▶ _Data below_

++++++++++++++++++++

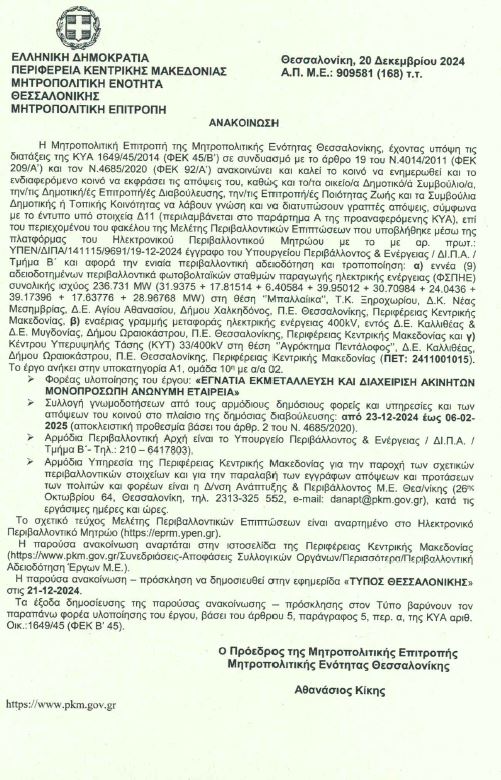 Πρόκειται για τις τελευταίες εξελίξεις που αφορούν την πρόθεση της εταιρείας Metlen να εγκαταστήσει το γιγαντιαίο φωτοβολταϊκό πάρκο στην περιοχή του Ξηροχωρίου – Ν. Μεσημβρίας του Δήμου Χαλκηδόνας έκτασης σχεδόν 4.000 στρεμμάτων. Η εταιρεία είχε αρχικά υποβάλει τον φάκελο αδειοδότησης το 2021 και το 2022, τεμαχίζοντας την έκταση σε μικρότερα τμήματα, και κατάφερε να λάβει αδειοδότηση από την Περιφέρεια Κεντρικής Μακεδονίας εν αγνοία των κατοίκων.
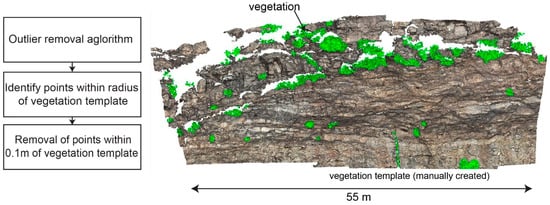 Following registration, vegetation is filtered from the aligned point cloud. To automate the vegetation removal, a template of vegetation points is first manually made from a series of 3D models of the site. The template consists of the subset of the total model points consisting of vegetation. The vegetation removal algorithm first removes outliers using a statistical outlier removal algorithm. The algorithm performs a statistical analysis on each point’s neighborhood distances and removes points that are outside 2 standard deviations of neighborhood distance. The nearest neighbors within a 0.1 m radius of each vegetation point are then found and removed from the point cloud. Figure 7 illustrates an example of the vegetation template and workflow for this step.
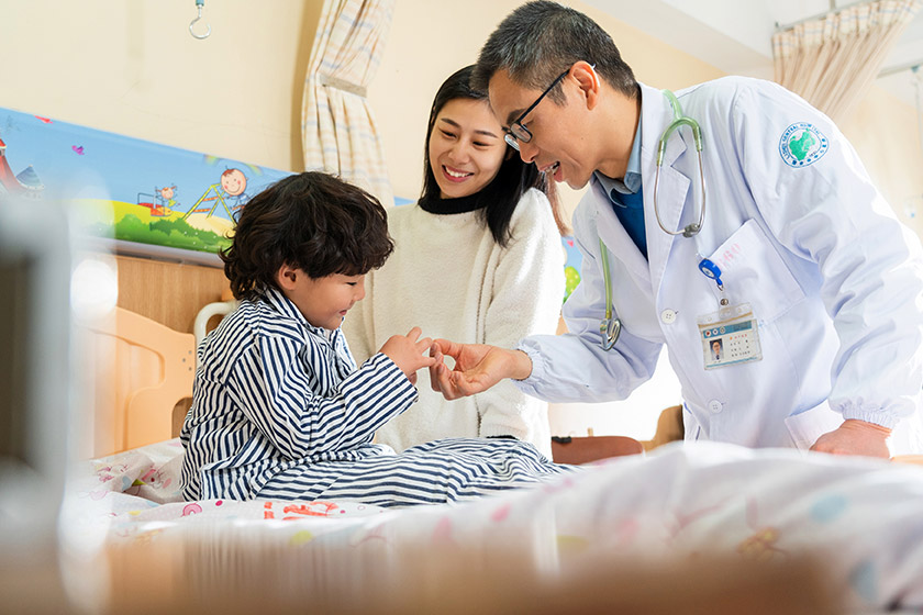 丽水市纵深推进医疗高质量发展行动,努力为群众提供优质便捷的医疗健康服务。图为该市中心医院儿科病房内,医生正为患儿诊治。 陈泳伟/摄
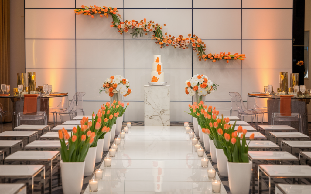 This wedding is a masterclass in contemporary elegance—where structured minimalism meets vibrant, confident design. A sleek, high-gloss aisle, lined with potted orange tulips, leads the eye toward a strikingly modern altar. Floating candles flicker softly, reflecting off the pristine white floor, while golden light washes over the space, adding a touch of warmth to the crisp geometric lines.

++++++++++++++++++++

▶ _Directions for this task_
Give every line above again exactly, with no pictures.

▶ _Output for this exercise_
 Πρόκειται για τις τελευταίες εξελίξεις που αφορούν την πρόθεση της εταιρείας Metlen να εγκαταστήσει το γιγαντιαίο φωτοβολταϊκό πάρκο στην περιοχή του Ξηροχωρίου – Ν. Μεσημβρίας του Δήμου Χαλκηδόνας έκτασης σχεδόν 4.000 στρεμμάτων. Η εταιρεία είχε αρχικά υποβάλει τον φάκελο αδειοδότησης το 2021 και το 2022, τεμαχίζοντας την έκταση σε μικρότερα τμήματα, και κατάφερε να λάβει αδειοδότηση από την Περιφέρεια Κεντρικής Μακεδονίας εν αγνοία των κατοίκων.
 Following registration, vegetation is filtered from the aligned point cloud. To automate the vegetation removal, a template of vegetation points is first manually made from a series of 3D models of the site. The template consists of the subset of the total model points consisting of vegetation. The vegetation removal algorithm first removes outliers using a statistical outlier removal algorithm. The algorithm performs a statistical analysis on each point’s neighborhood distances and removes points that are outside 2 standard deviations of neighborhood distance. The nearest neighbors within a 0.1 m radius of each vegetation point are then found and removed from the point cloud. Figure 7 illustrates an example of the vegetation template and workflow for this step.
 丽水市纵深推进医疗高质量发展行动,努力为群众提供优质便捷的医疗健康服务。图为该市中心医院儿科病房内,医生正为患儿诊治。 陈泳伟/摄
 This wedding is a masterclass in contemporary elegance—where structured minimalism meets vibrant, confident design. A sleek, high-gloss aisle, lined with potted orange tulips, leads the eye toward a strikingly modern altar. Floating candles flicker softly, reflecting off the pristine white floor, while golden light washes over the space, adding a touch of warmth to the crisp geometric lines.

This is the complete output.